* RECORDS PROVIDED:
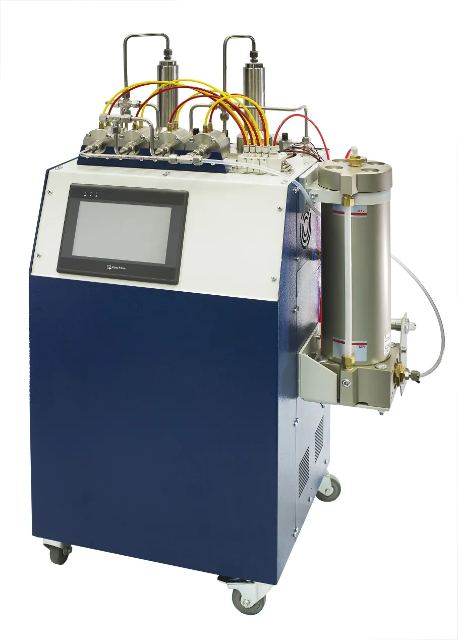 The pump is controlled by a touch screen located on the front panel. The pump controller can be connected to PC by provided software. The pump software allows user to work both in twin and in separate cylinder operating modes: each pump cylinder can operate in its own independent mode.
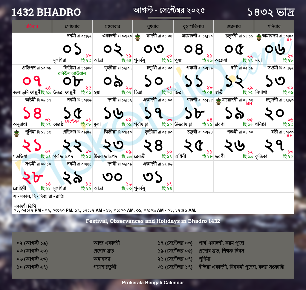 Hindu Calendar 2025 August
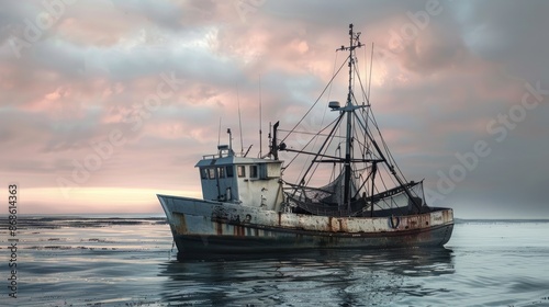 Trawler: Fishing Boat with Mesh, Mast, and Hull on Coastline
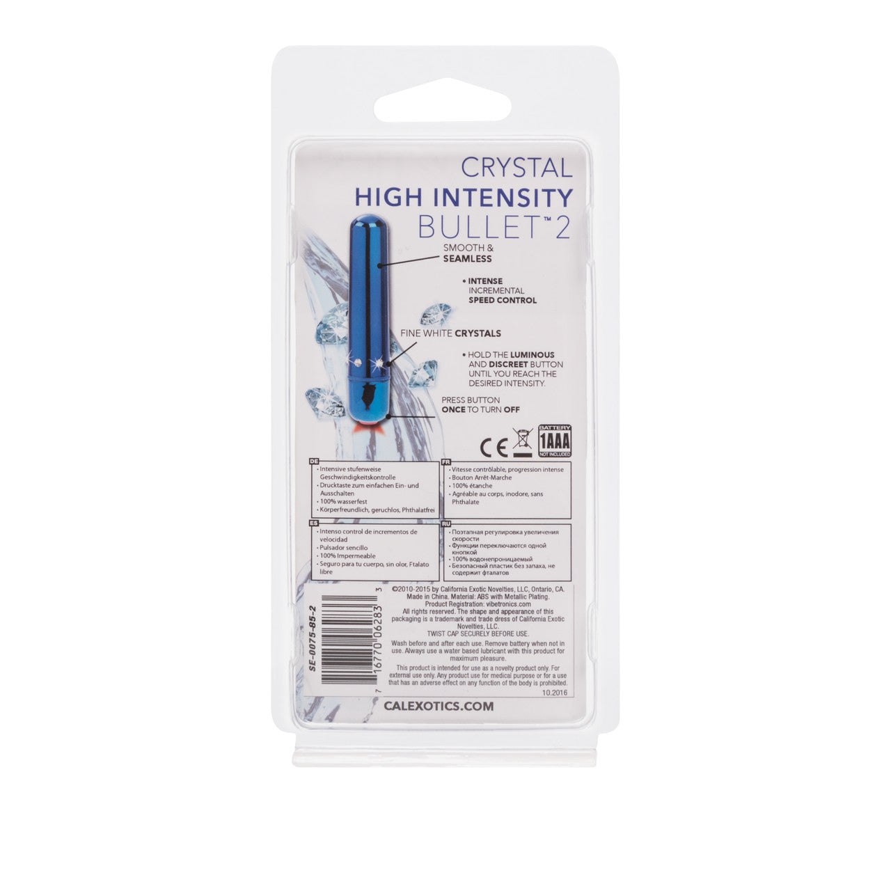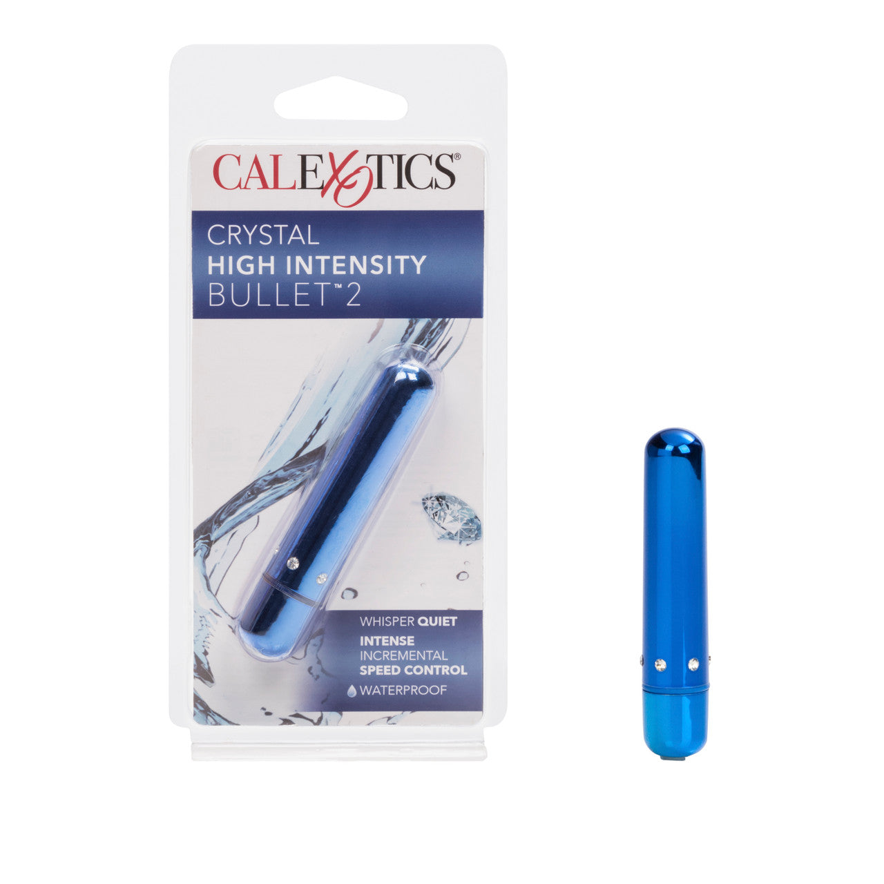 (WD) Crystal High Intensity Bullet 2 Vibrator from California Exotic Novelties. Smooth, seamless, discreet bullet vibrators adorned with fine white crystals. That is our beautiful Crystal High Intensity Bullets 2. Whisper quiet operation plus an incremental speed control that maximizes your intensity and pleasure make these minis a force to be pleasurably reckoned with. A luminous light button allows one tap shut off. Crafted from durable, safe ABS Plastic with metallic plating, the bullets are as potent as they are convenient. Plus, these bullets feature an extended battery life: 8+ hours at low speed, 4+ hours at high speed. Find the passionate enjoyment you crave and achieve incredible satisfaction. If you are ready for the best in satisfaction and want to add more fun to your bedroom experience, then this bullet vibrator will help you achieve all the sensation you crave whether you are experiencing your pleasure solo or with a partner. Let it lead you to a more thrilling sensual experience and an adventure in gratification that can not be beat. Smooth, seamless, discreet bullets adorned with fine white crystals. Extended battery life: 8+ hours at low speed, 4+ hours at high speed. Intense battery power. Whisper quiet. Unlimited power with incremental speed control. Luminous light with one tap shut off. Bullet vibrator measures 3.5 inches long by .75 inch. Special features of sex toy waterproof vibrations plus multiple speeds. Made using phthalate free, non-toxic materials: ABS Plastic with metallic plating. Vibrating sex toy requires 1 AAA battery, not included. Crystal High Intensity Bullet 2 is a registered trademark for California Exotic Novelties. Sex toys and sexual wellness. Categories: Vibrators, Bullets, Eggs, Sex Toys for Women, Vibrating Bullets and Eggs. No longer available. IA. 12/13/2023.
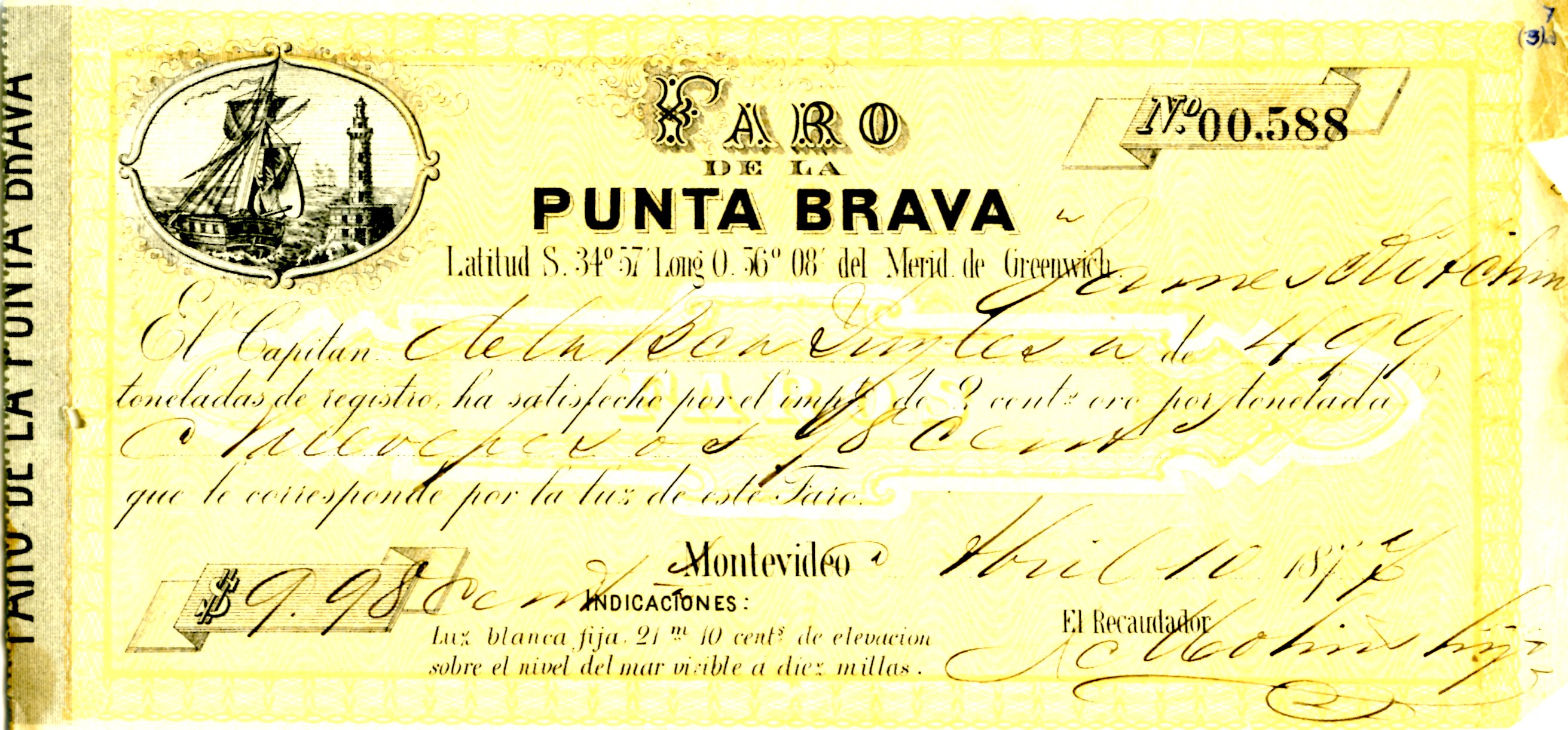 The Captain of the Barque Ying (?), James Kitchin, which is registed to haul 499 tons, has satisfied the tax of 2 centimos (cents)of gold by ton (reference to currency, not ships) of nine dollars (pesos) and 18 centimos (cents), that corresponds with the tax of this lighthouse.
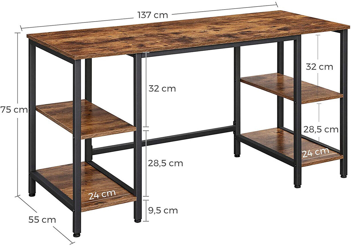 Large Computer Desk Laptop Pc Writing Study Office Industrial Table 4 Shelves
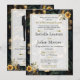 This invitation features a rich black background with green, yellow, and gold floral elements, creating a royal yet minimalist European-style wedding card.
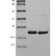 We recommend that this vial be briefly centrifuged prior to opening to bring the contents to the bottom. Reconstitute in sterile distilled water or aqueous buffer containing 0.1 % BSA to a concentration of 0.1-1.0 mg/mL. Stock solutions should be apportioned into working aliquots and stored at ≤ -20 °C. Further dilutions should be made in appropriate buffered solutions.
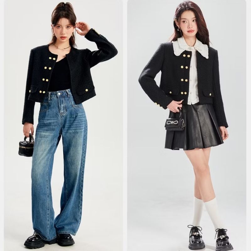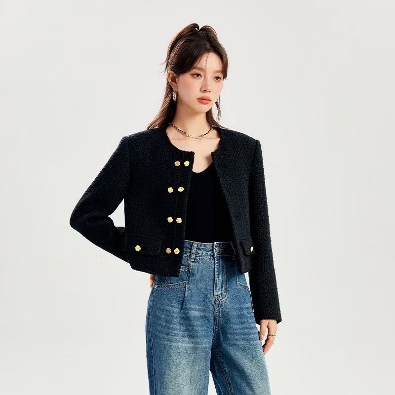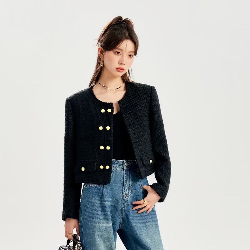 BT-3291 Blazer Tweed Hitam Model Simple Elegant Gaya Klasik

* PROBLEM STATEMENT: Starting at the line that contains "This invitation features", reproduce every line through the last one in the records exactly, and omit all pictures.

* REPLY TO THE EXERCISE:
 This invitation features a rich black background with green, yellow, and gold floral elements, creating a royal yet minimalist European-style wedding card.
 We recommend that this vial be briefly centrifuged prior to opening to bring the contents to the bottom. Reconstitute in sterile distilled water or aqueous buffer containing 0.1 % BSA to a concentration of 0.1-1.0 mg/mL. Stock solutions should be apportioned into working aliquots and stored at ≤ -20 °C. Further dilutions should be made in appropriate buffered solutions.
 BT-3291 Blazer Tweed Hitam Model Simple Elegant Gaya Klasik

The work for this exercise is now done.